Piglets suckling a sow.

Hormonal Changes Associated With Lactogenesis

A number of hormonal changes are occurring in the mother's blood around the time of parturition (see the figure below). Some of these hormonal changes are specifically involved in lactogenesis. From the figure, progesterone decreases starting a few days prepartum. Estrogen starts to peak prepartum, which in turn stimulates the periparturitent prolactin secretion. The periparurient prolactin peak is very important to the entire process of lactogensis, especially in initiating copius milk secretion (stage 2 of lactogenesis). Glucocorticoids also peak at parturition. And, there is a growth hormone peak associated with parturition. The content of a-lactalbumin in the mammary tissue is an indicator of lactogenesis.

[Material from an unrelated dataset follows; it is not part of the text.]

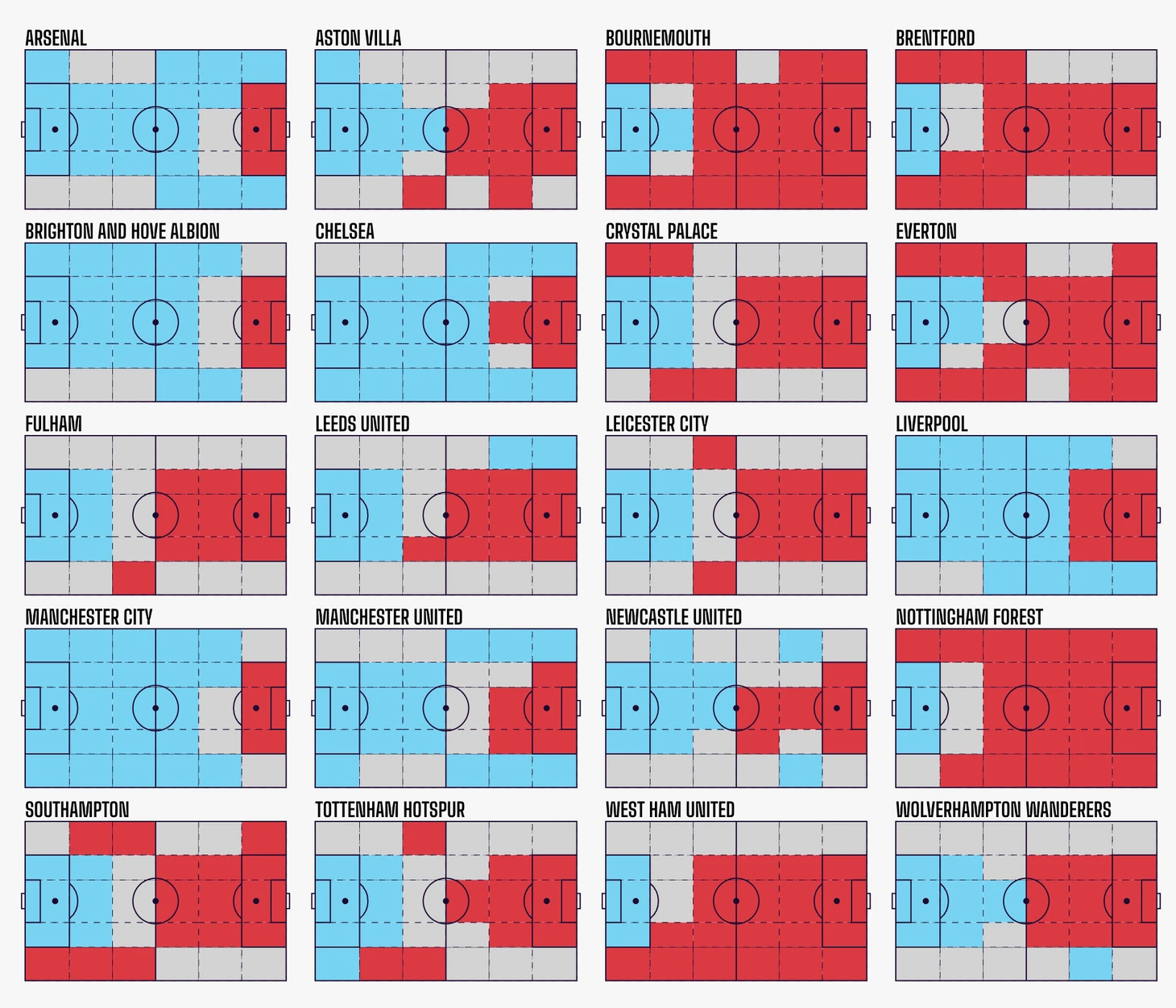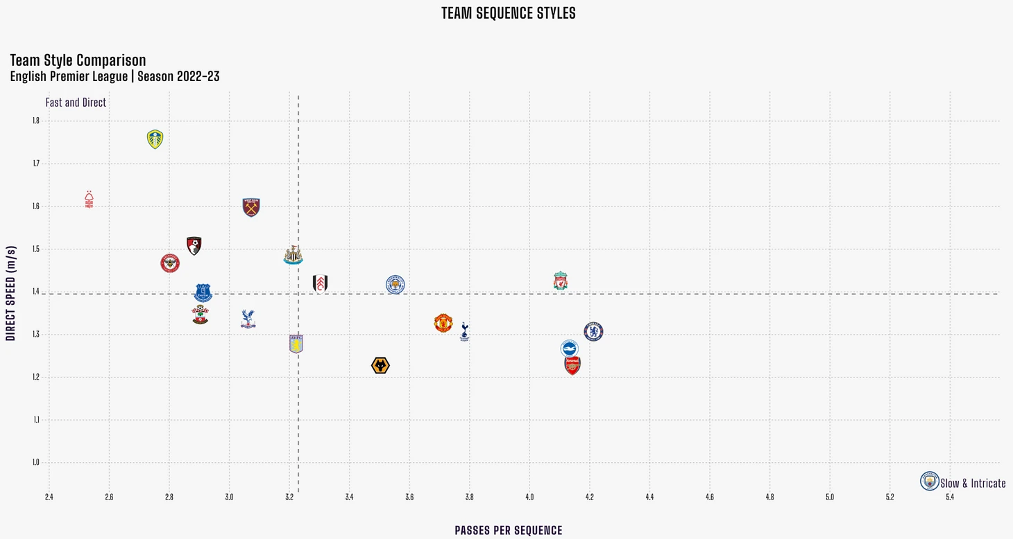 Метрика стилей для «Брайтона» в этом сезоне — фантастика, особенно с учетом отсутствия скамейки. Команда с приходом Де Дзерби не отказывает от своего стиля и запирает на своей половине поля абсолютно любую команду. По сути, только «Сити», «Арсенал» и отчасти «Челси» играли горизонтальнее «Брайтона», но здесь просто огромный разрыв с точки зрения качества состава и возможности его ротировать. В конце сезона было пару матчей, когда «Брайтон» выглядел невероятно уставшей командой. С учетом выхода в ЛЕ, матчей станет только больше, поэтому летом я ожидаю еще больше новых подписаний.

Graph of hormone changes around parturition.
Adapted from Tucker (1994)

** Progesterone is the key negative regulator of lactogenesis.

  • Progesterone has a negative (inhibitory) effect on lactogenesis. It may hold lactogenesis in check until just prior to parturition.
  • Progesterone suppresses normal peripartum onset of synthesis of lactose, a-lactalbumin and casein as well as PRL-induced synthesis of these constituents.
  • If progesterone concentrations in blood are reduced during the peripartum period, then the synthesis of mammary enzymes and milk proteins is increased.
  • Blood concentrations of progesterone normally decrease about 2 days prepartum.
  • Progesterone also may compete with glucocorticoid for glucocorticoid receptors in the mammary cells.
  • High progesterone concentrations during pregnancy may occupy glucocorticoid receptors until near parturition.

In vivo , progesterone probably works by a) increasing the mammary threshold to response to PRL (there are progesterone receptors in the mammary gland during pregnancy, so it can have a direct effect on the mammary cells); b) altering secretion of PRL from the pituitary; and c) having a direct effect on the mammary cells by occupying glucocorticoid receptors.